- _Information provided_:
+++
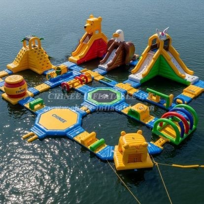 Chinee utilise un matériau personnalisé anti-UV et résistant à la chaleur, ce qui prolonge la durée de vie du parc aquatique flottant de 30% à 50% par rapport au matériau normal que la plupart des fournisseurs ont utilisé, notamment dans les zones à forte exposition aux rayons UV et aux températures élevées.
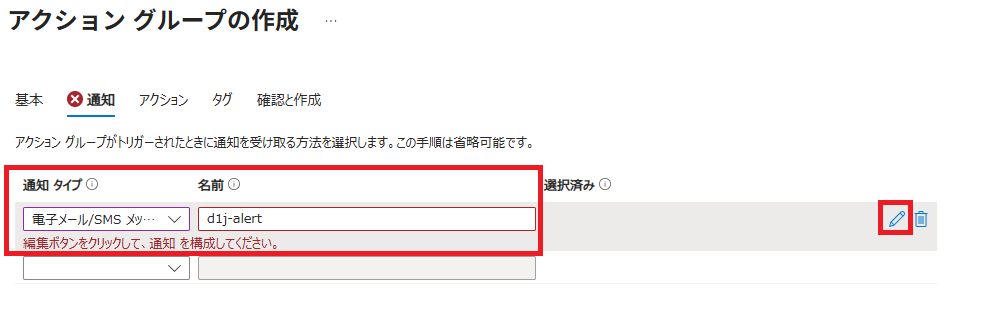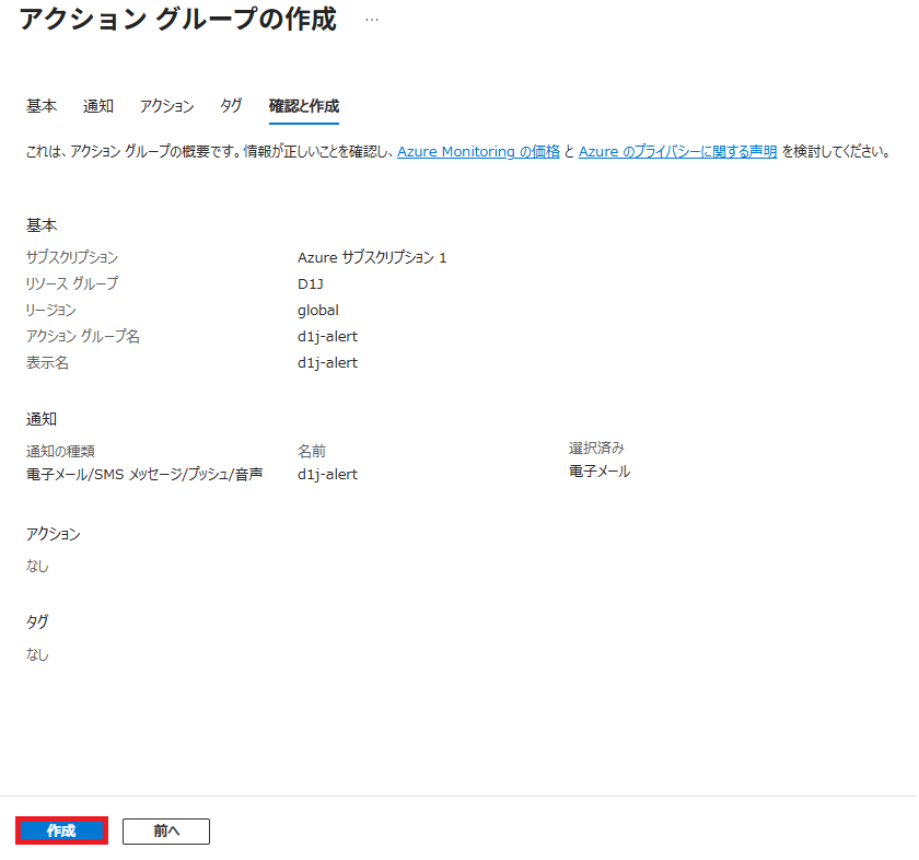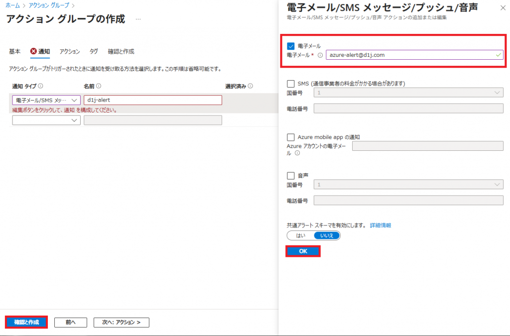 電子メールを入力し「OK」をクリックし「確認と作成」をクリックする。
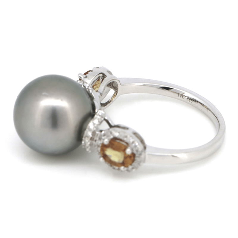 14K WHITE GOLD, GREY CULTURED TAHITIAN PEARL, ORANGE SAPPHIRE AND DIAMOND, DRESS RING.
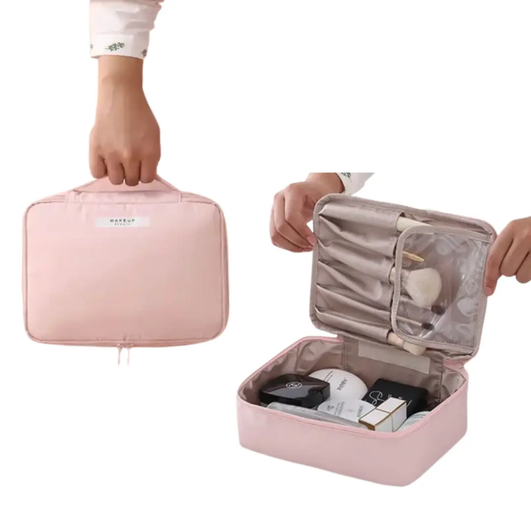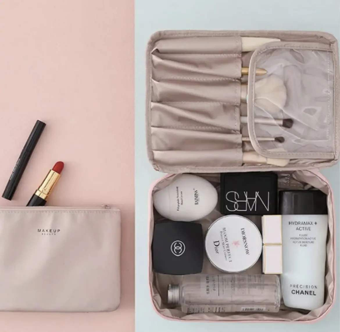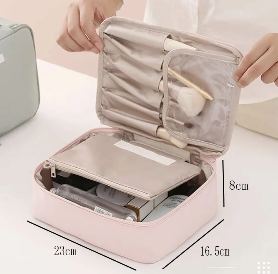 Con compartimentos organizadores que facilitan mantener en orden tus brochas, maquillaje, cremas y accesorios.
+++
- _Assignment_: Only the lines from the one containing "14K WHITE GOLD, GREY" through the last line of the data belong in the copy, both included and reproduced exactly. Pictures do not.

- _Solution below_:
 14K WHITE GOLD, GREY CULTURED TAHITIAN PEARL, ORANGE SAPPHIRE AND DIAMOND, DRESS RING.
 Con compartimentos organizadores que facilitan mantener en orden tus brochas, maquillaje, cremas y accesorios.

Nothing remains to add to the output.